I have always regarded as one of the fundamental shifts from classical physics to modern physics to the shift of emphasis from seeing a system described by forces, mass and velocity to seeing a system described by the conservation of momentum&energy (the concepts of mass&force receding into insignificance from the fundamental point of view), along with various requirements of symmetry/invariance.
It is a subtle shift, and it is easy to superimpose a modern view on the old-fashioned classical view.
However, if one does so, then we run the risk of not understanding what classical physical actually concerned itself with, nor how its perspective was internally consistent, but still obscured certain features that the perspective of modern physics handles better.
Take the case of the "principle of Galilean invariance":
I must confess that I haven't found this requirement stated in any pre-Einstein physicist.
Rather, to them F=ma was the fundamental law empirically verified to hold for material systems (systems that consisted of the same stuff over time).
Also, it was empirically verified that a system only could lose mass if some part left the system (mass conservation law, which I believe is the oldest conservation law)
From F=ma, it is fairly trivial to DEDUCE that there exists some sets of "equivalent observers", namely those that move with constant velocity to each other. For these groups, the force F acting on the object will be observed to be the same, since the accelerations are the same, due to the observed kinematic Galilean law that velocities are additive.

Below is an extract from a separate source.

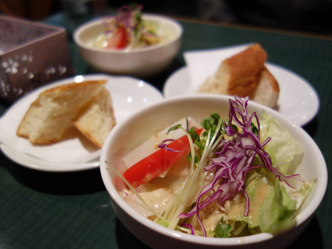 セットのパンとサラダです。
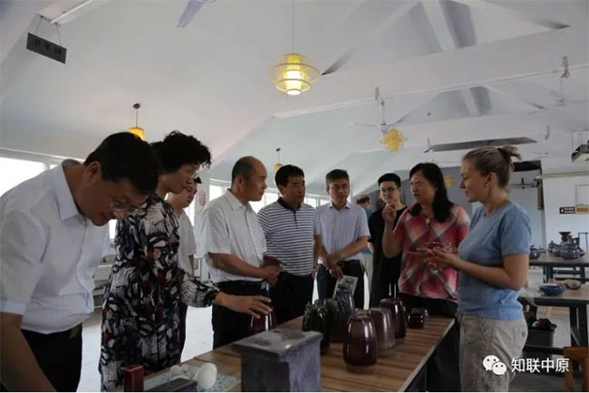 走訪中,調(diào)研組一行先后參觀了孔家鈞窯投資興建的中國鈞瓷文化園、禹州鈞瓷文化博物館,看望了正在中國鈞瓷文化園駐場創(chuàng)作的臺灣陶藝家黃玉英、立陶宛陶藝家Ruta Sipalyte,詳細了解孔家鈞窯的科技研發(fā)、生產(chǎn)經(jīng)營以及黨外知識分子崗位建功情況。

If we call one set of such observers the "true" observers, who deduce the ACTUAL forces on the object, then the other sets observe additional pseudo-forces, due to their acceleration relative to the set of "true" observers.
But at no point is this equivalent to state that classical physics REQUIRED the laws of mechanics to be Galilean invariant, they OBSERVED, or DEDUCED that they were. Nor, indeed did the idea of "absolute state of rest" lose its meaning, it was just that one couldn't deduce an absolute state of rest with the laws of mechanics!
This means that when the phenomena of electro-magnetic forces began to be studied, there was NO CONCEPTUAL CONFLICT with previous physics, rather what one discovered was that since the laws of electro-magnetism were not Galilean invariant, it followed that the state of absolute rest could in principle be deduced/observed by the study of electro-magnetic phenomena. Maxwell's laws were assumed to be valid for the absolute rest frame, and hence another observer's absolute velocity could in principle be deduced from HIS observed laws of electro-magnetism under the assumption that all velocities would, indeed, follow the Galilean empirical law of velocity addition.
This perspective is internally consistent, even though we now know that several of the assumptions are wrong.
However, as I hope I have shown, it wasn't because physicists previously were dumb that they didn't question their assumptions when the non-Galilean electromagnetic phenomena appeared; it was simply accommodated easily into their system of thought as some rather weird forces.
However, with the Michelson-Morley experiment came, one of the basic observational laws hitherto known failed, that of velocity addition, then something seriously wrong were understood to be the case.
However, Einstein's revolutionary thoughts, for example his fairly unique requirements of invariance, are by no means the only, or most obvious way to try and find resolutions to the problems at hand.
Others were tried out, most of them forgotten because at one point or another, they failed.